The report also concluded that Dimon lied when he downplayed the losses. At the time when he called the matter “a complete tempest in a teapot,” he “was already in possession of information about…sustained losses for three straight months” and “the exponential increase in those losses during March [2012],” the Senate committee wrote.

Yet Dimon and other top executives were exonerated of any intentional wrongdoing in the carefully drafted “admission” that accompanied the fine. Instead, the government claimed they were misled by subordinates and culpable only for insufficient oversight.

The London Whale and subprime mortgage probes are only two among a host of investigations into the bank’s operations, concerning such offenses as credit card fraud, illegal debt collection practices, rigging of energy markets, complicity in the Bernard Madoff Ponzi scheme, illegal home foreclosures, bribing Chinese officials, and involvement in the Libor rate-rigging scandal.

JPMorgan is the rule, not the exception. Every major US bank is the subject of multiple investigations and lawsuits. In 2011, the Senate Permanent Subcommittee on Investigations issued a 630-page report on the financial crash detailing illegal activities by Washington Mutual, Deutsche Bank and Goldman Sachs that contributed to the global crisis. The report also documented the collusion of the credit rating firms and government regulatory agencies.
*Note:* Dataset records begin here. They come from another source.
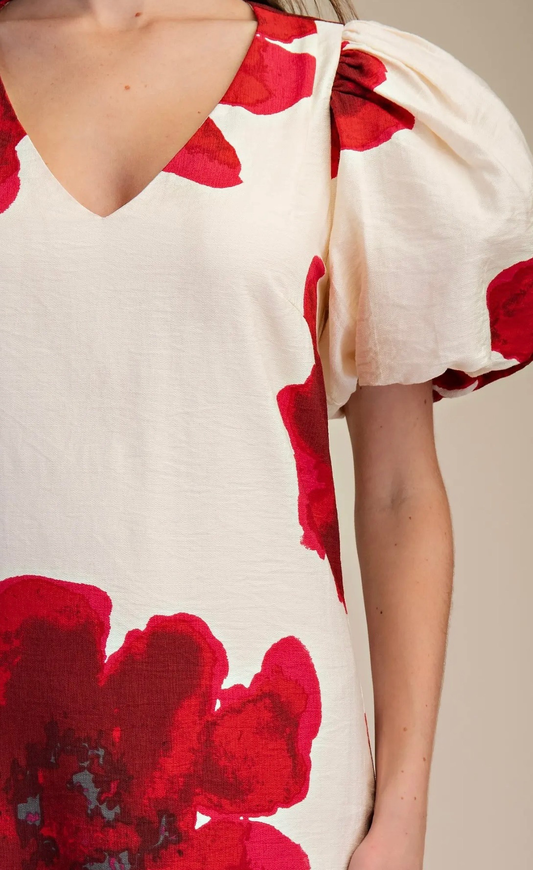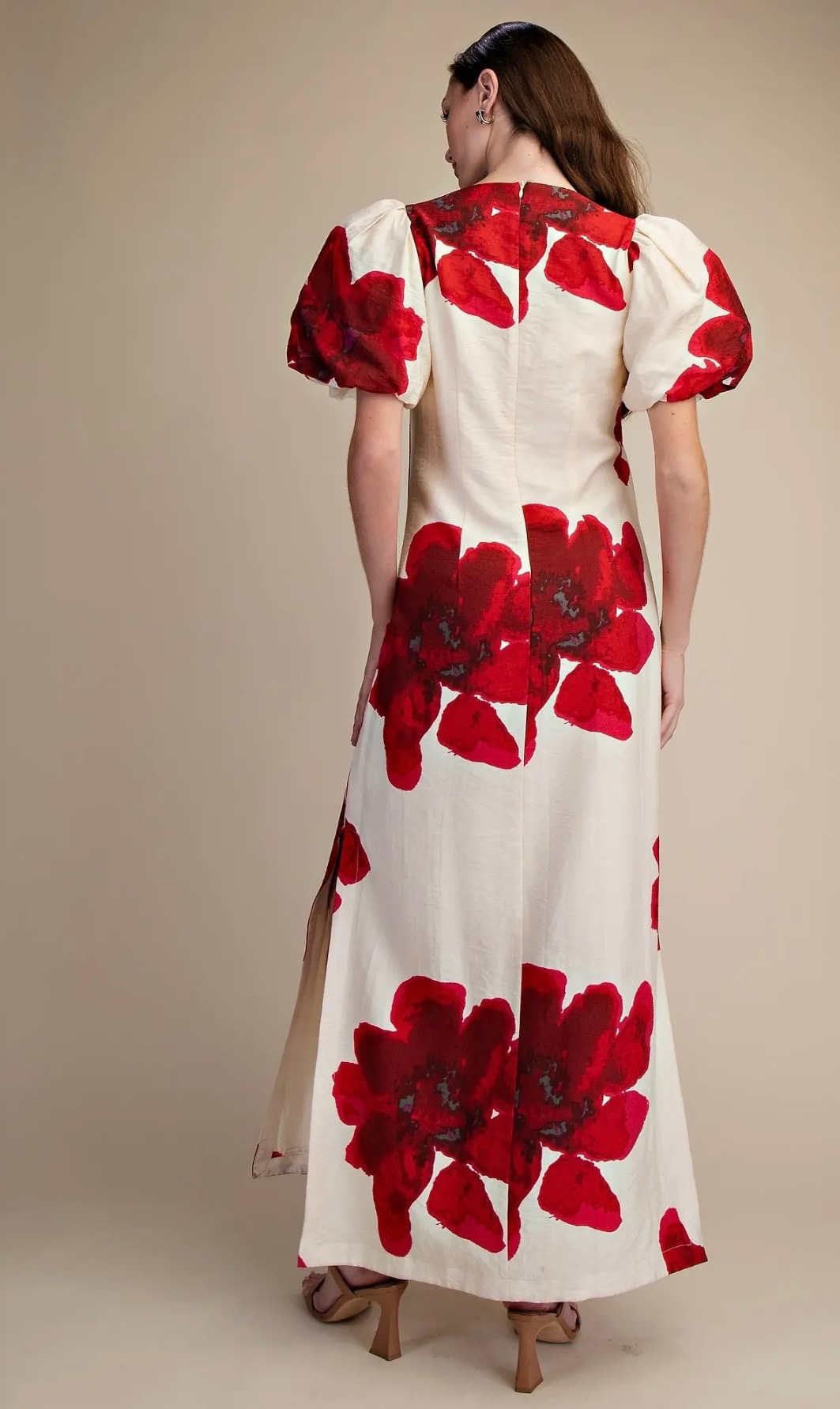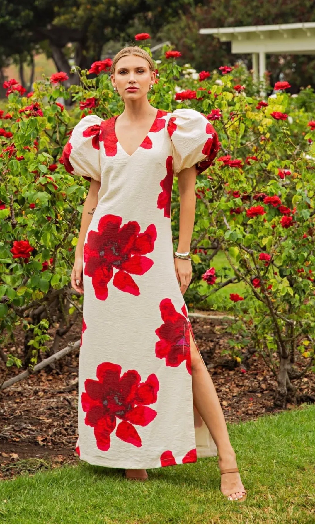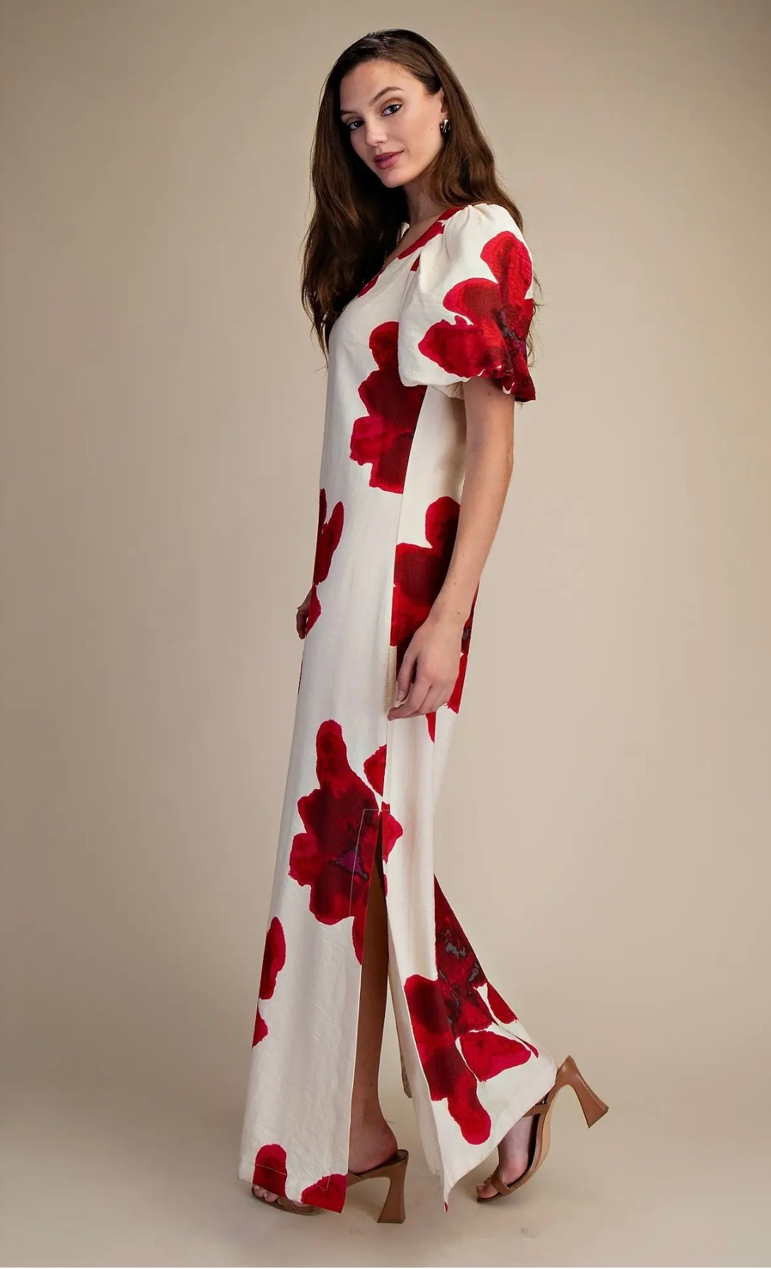 Elegant cream maxi dress featuring bold red floral prints, a flattering V-neckline, statement puff sleeves, and a side slit for a feminine, romantic silhouette. Comes in small, medium and large.
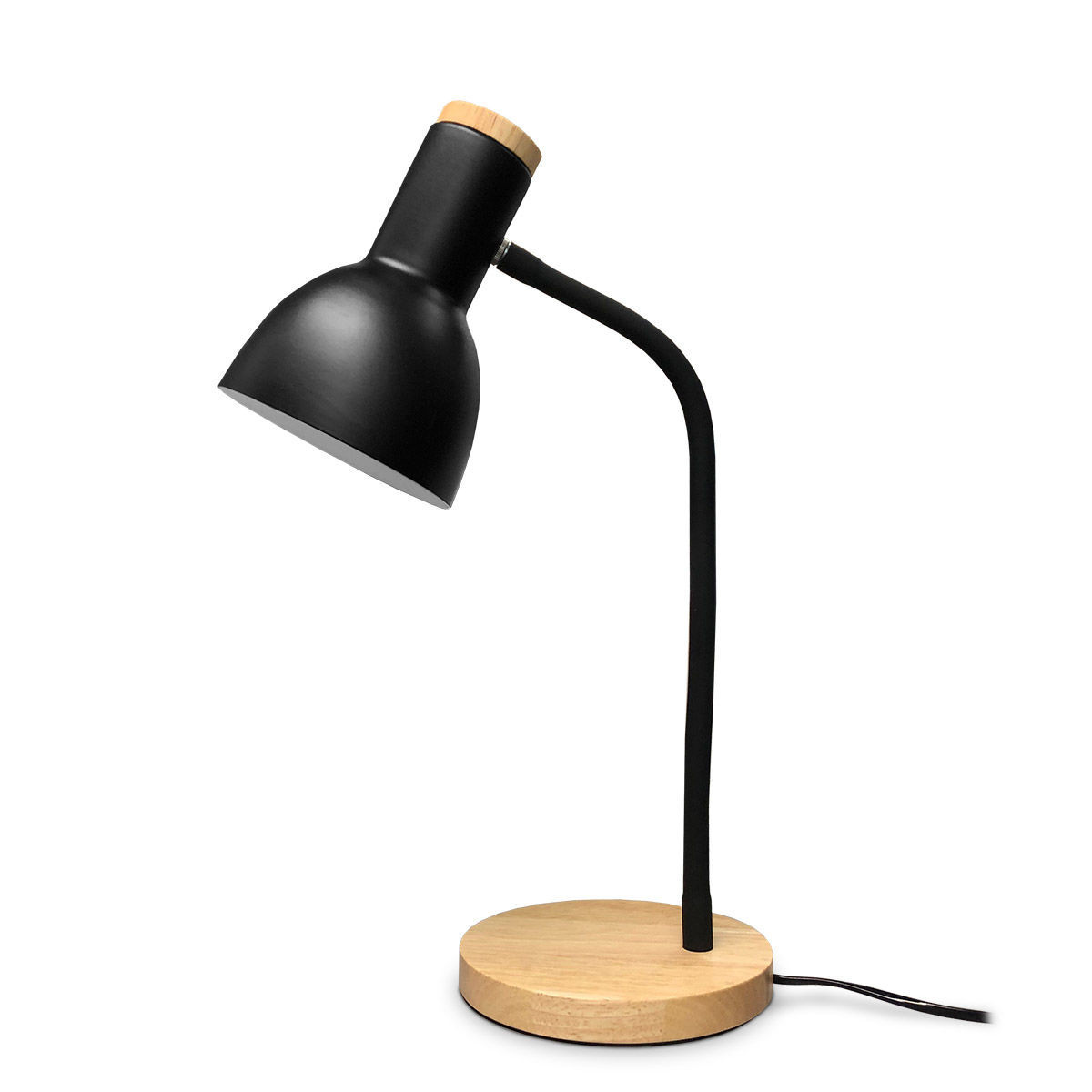 LAMPARA Mesa Danesa E27 Negra/Madera 43cm H /Ø 15cm
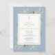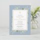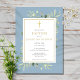 Con delicadas hojas de acuarela y un elegante crucifijo dorado, esta elegante invitación de bautizo | bautizo se puede personalizar con su información especial, con un fondo azul polvoriento en el reverso. Diseñado por Thisisnotme©
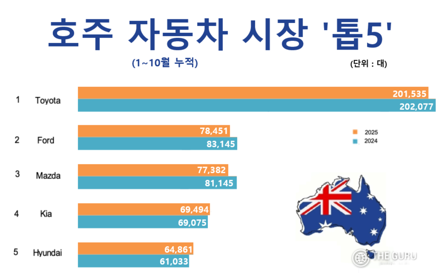 [더구루=김예지 기자] 현대자동차·기아가 올 들어 호주 시장에서 나란히 점유율을 확대하는 등 선방하고 있다. 기아는 신형 픽업 ‘타스만’ 투입 효과와 현대차의 경우 SUV 라인업 호조에 힘입어 나란히 '톱5'에 이름을 올렸다.
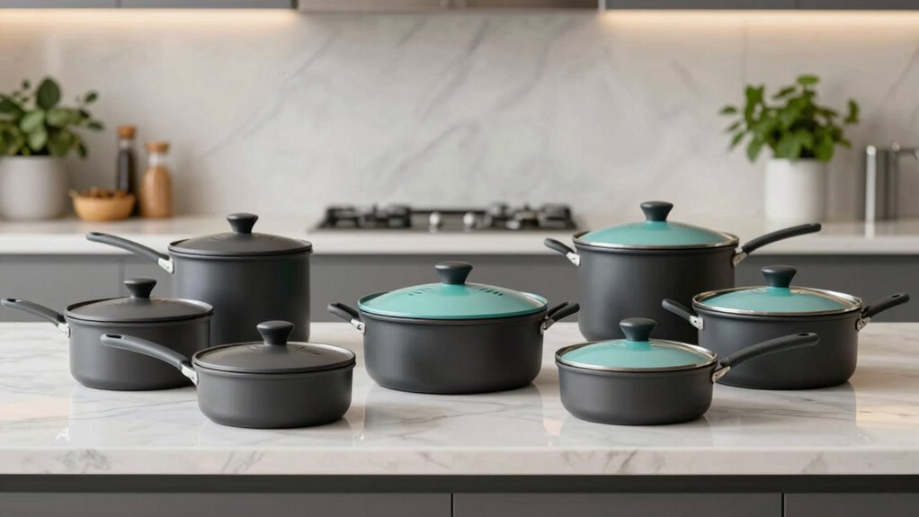 When choosing a Caraway cookware set, I focus on design and material quality to guarantee durability and style. I also consider cooking versatility and safety features to meet my needs in the kitchen. Finally, ease of maintenance, storage options, and organization play a big role in making a practical, long-lasting choice.
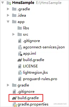 步骤 1:打开Android Studio项目级“build.gradle”文件。
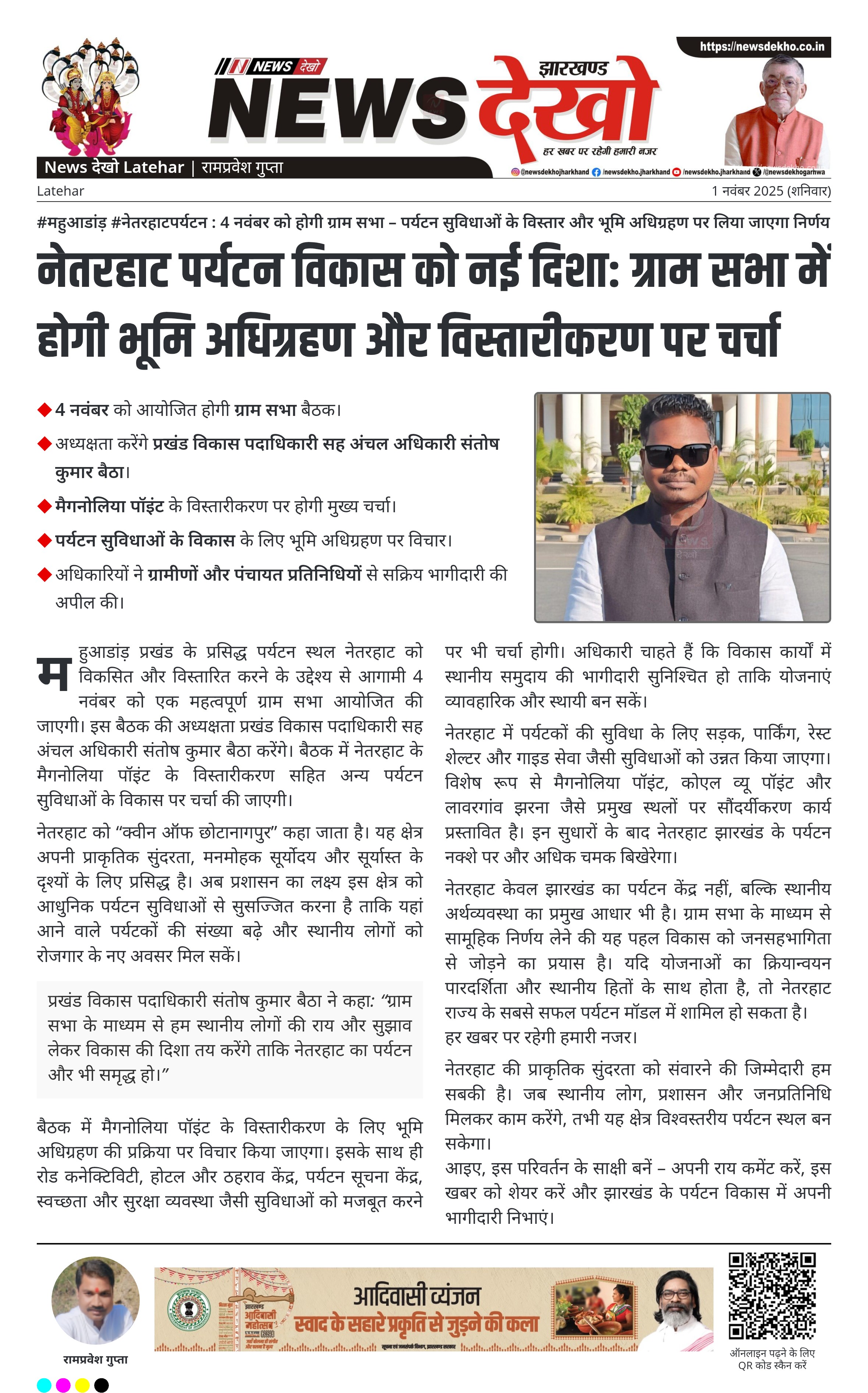 #महुआडांड़ #नेतरहाटपर्यटन : 4 नवंबर को होगी ग्राम सभा – पर्यटन सुविधाओं के विस्तार और भूमि अधिग्रहण पर लिया जाएगा निर्णय 4 नवंबर को आयोजित होगी ग्राम सभा बैठक। अध्यक्षता करेंगे प्रखंड विकास पदाधिकारी सह अंचल अधिकारी संतोष कुमार बैठा। मैगनोलिया पॉइंट के विस्तारीकरण पर होगी मुख्य चर्चा। पर्यटन सुविधाओं के विकास के लिए भूमि अधिग्रहण पर विचार। अधिकारियों ने ग्रामीणों और पंचायत प्रतिनिधियों से सक्रिय भागीदारी की अपील की। महुआडांड़ प्रखंड के प्रसिद्ध पर्यटन स्थल नेतरहाट को विकसित और…
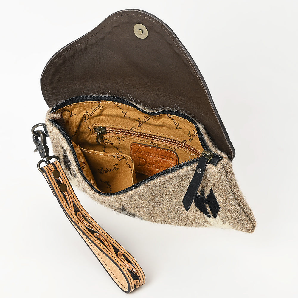ADBG1477 American Darling Hand Tooled Leather Western Wristlet Bag with Saddle Blanket & Floral Carved Flap
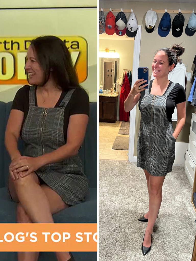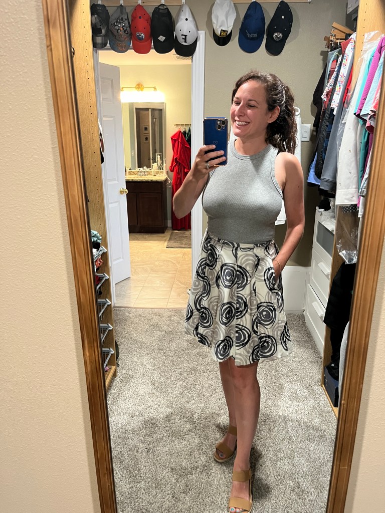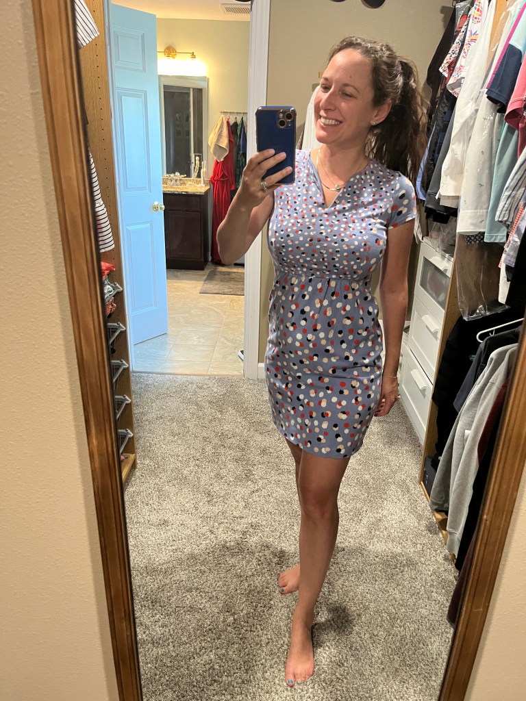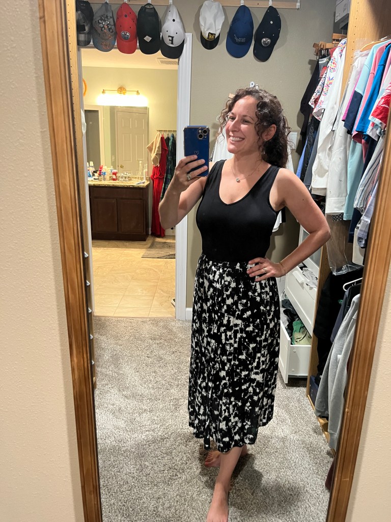 My sister bought me this dress from J Crew when I got my first job out of college, and I hadn’t worn it in like 20 years because I had gained a bit of weight and, uh, it didn’t zip. Well, thanks to my daily 3 mile walks, I can squeeze my old butt back into it.
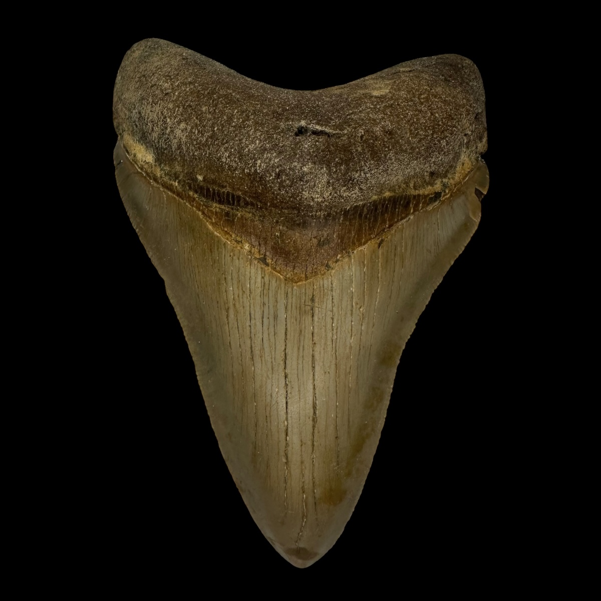 Every Megalodon tooth fossil we offer is completely natural, with no repairs or enhancements—just a light cleaning to remove marine deposits. Each piece is one-of-a-kind, showcasing its own distinctive coloration, sharp serrations, and natural gloss. This Megalodon tooth fossil is a true collector’s treasure, combining authenticity, prehistoric value, and unmatched detail.
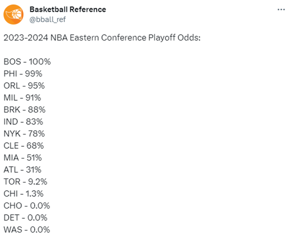 东部——凯尔特人100%;76人99%;魔术95%;雄鹿91%;篮网88%;步行者83%;尼克斯78%;骑士68%;热火-51%;老鹰31%;猛龙9.2%;公牛1.3%;黄蜂、活塞和奇才0%。
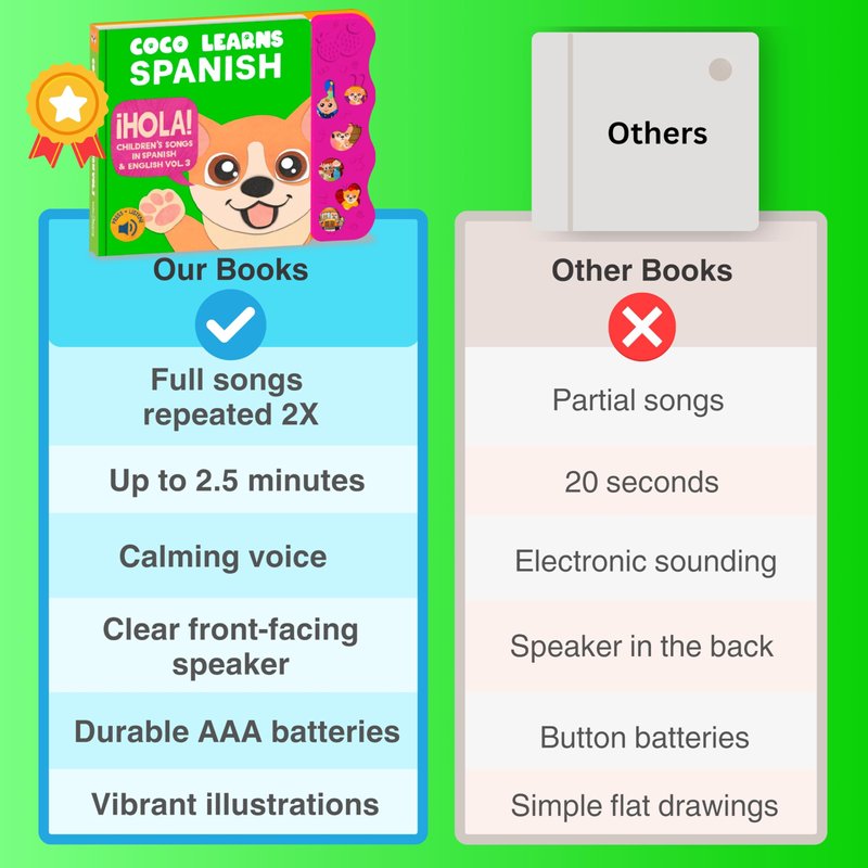 - ❤️ COCO LEARNS SPANISH books are the perfect Spanish Children’s Books for babies, kids, toddlers and children. Our Spanish board books are beautiful, durable and safe. The perfect multicultural toys and bilingual children's books in both English and Spanish. These Spanish musical baby books are a great gift for newborn infants, babies, one year olds, two year olds, three year olds and all toddlers. Non-tearing board book pages. Batteries included. Easy volume controls and mute options.

The committee chairman, Senator Carl Levin, said at the time that the investigation had found “a financial snake pit rife with greed, conflicts of interest and wrongdoing.”

The Obama administration, both political parties, Congress and the courts have worked assiduously to cover up the snake pit and shield the snakes from prosecution. The role of the government in running interference for the banks and protecting the financial aristocracy is illuminated by one little-noted detail of the negotiations between Dimon and Holder.

While the press has reported that Dimon was joined by his bank’s chief counsel, Stephen Cutler, in the Friday night conference call where the agreement was reached, the media has failed to note that Cutler headed the enforcement division of the Securities and Exchange Commission between 2001 and 2005.